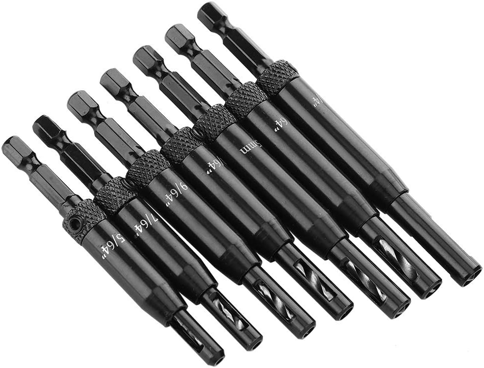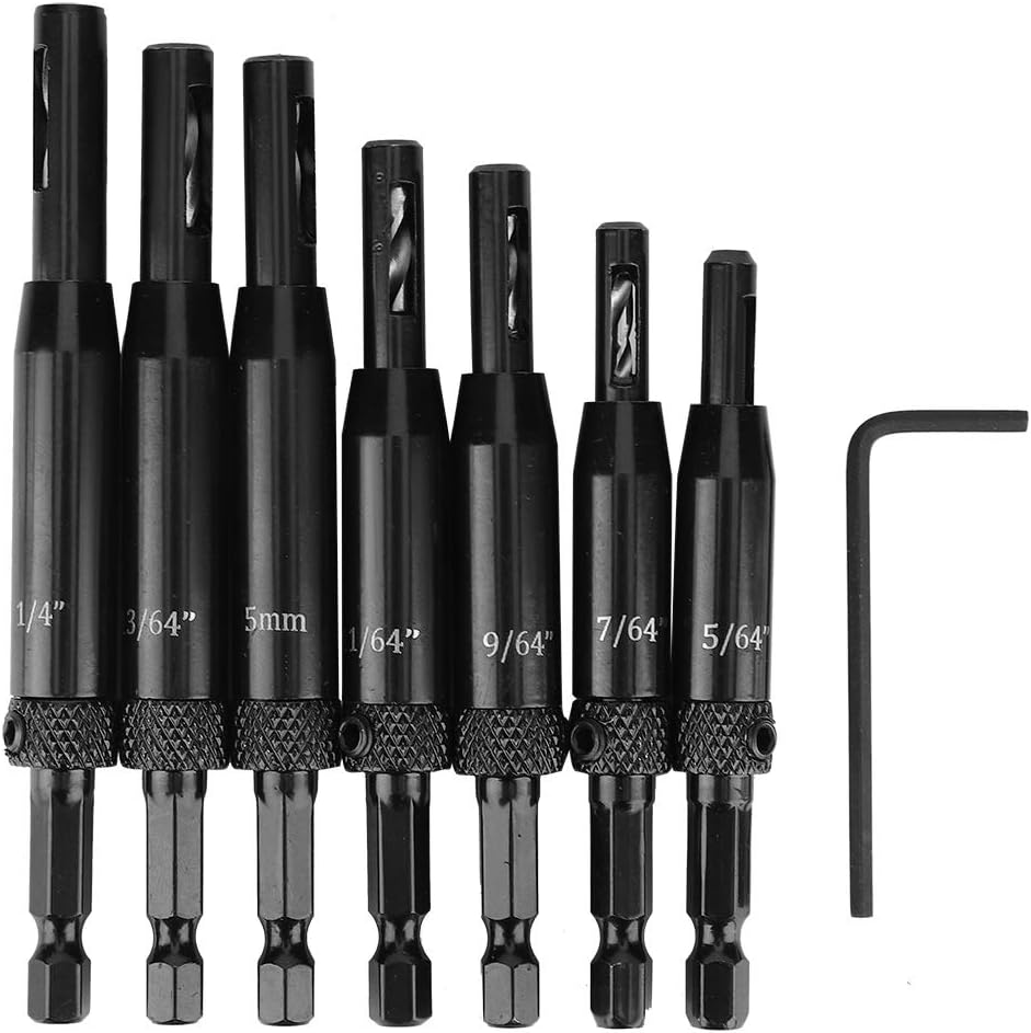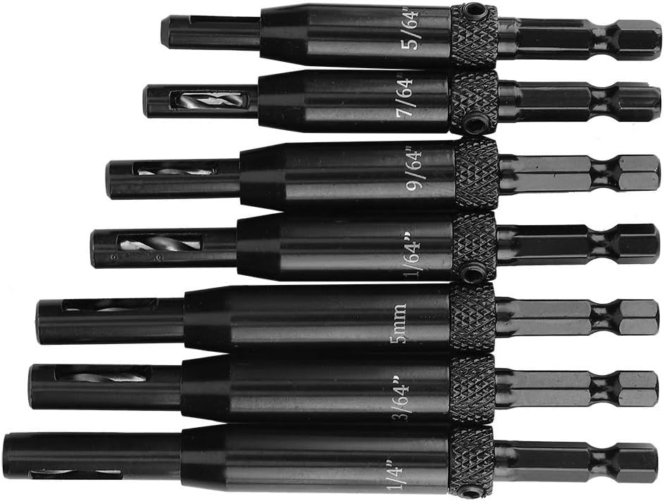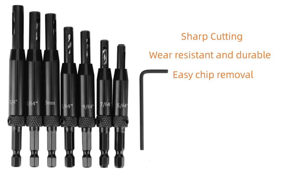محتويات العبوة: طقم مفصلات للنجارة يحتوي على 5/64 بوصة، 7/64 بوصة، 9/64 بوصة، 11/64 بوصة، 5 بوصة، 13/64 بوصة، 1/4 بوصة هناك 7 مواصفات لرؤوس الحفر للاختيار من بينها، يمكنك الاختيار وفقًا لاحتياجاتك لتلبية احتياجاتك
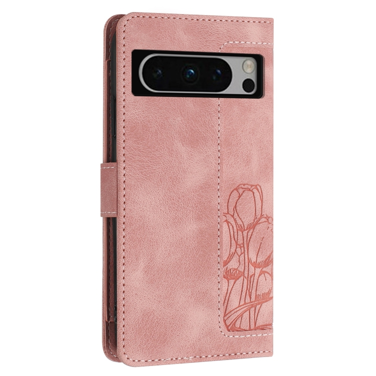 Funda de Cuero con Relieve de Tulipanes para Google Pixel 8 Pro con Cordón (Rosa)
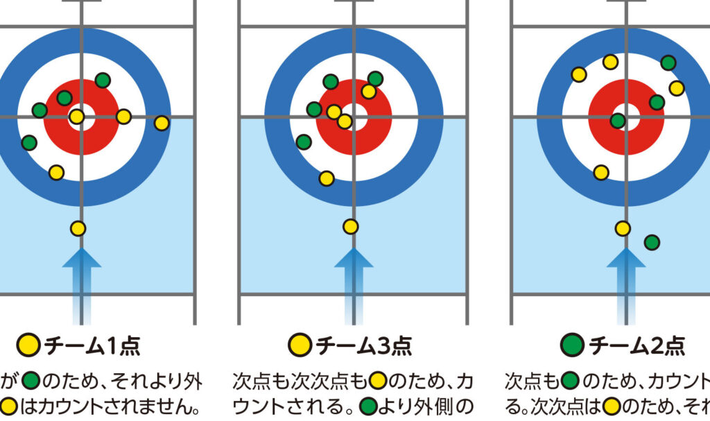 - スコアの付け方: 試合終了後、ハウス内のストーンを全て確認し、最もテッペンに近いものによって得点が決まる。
---
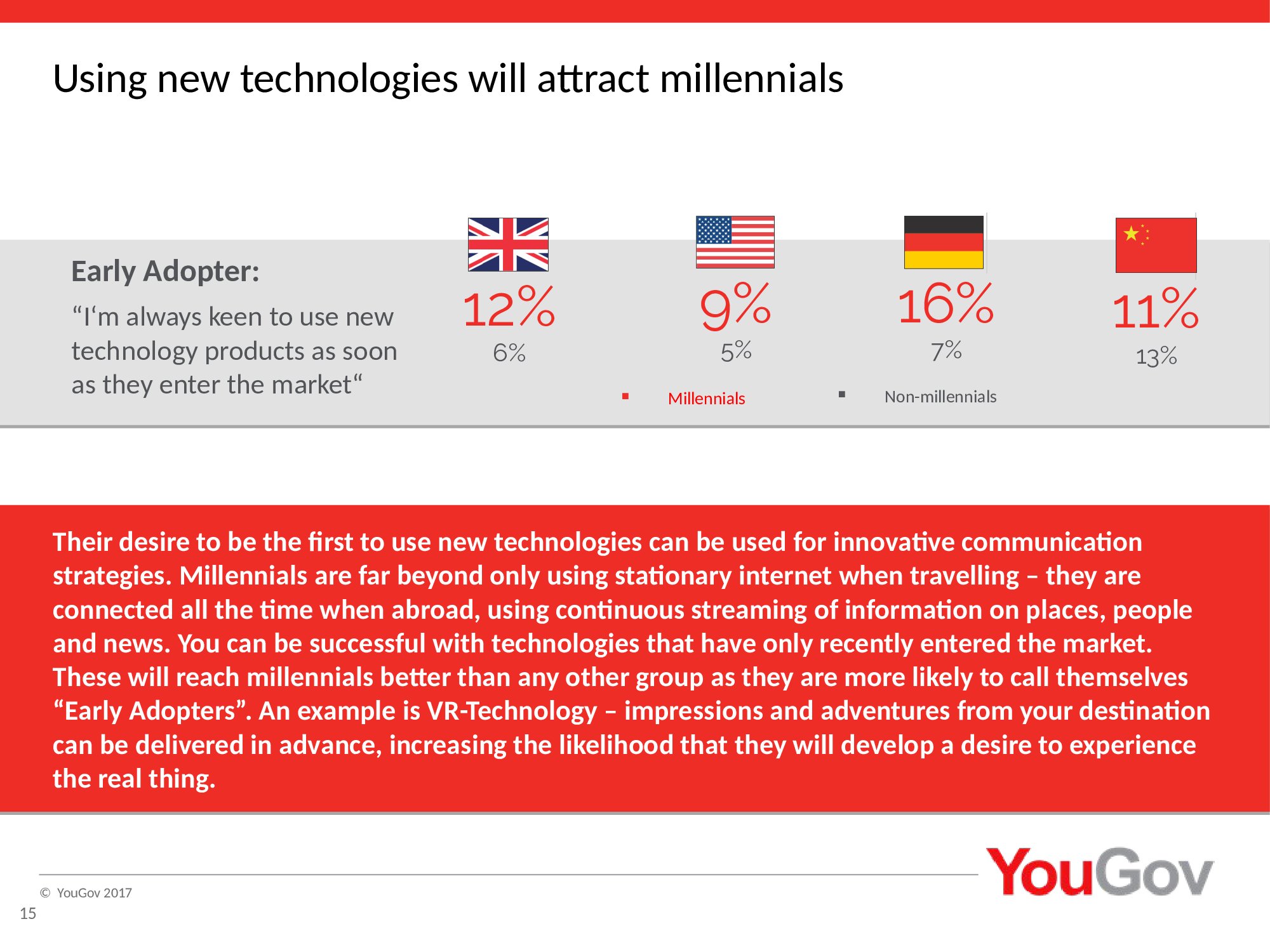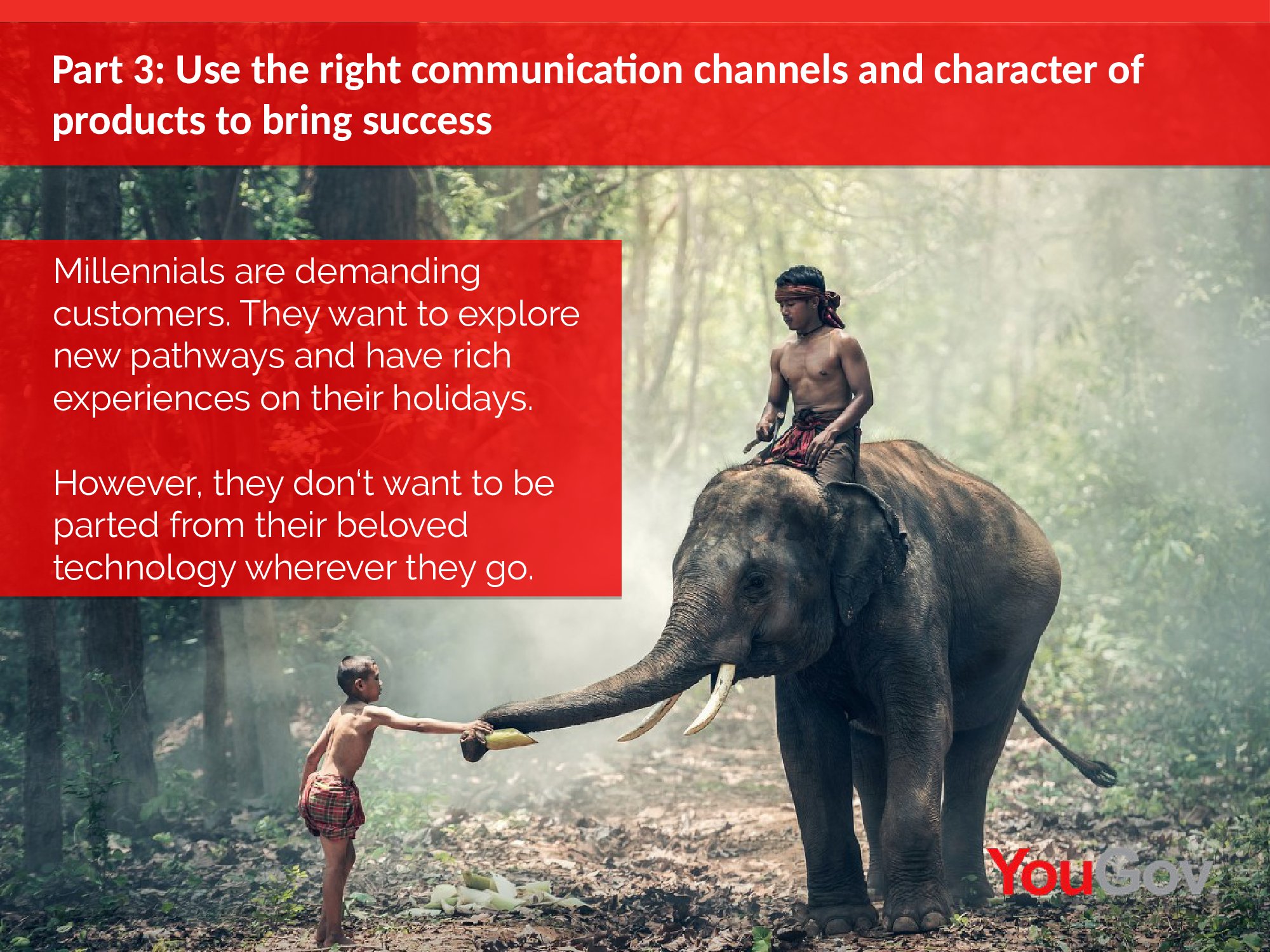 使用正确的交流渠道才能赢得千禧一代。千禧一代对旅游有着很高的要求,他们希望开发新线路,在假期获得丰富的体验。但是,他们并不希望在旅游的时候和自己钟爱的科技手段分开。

— Work instruction —
Your copy should hold only the lines above from the one containing "Funda de Cuero" through the one containing "- スコアの付け方: 試合終了後、ハウス内のストーンを全て確認し、最もテッペンに近いものによって得点が決まる。", exactly as written and free of pictures.

— Answer to the problem —
 Funda de Cuero con Relieve de Tulipanes para Google Pixel 8 Pro con Cordón (Rosa)
 - スコアの付け方: 試合終了後、ハウス内のストーンを全て確認し、最もテッペンに近いものによって得点が決まる。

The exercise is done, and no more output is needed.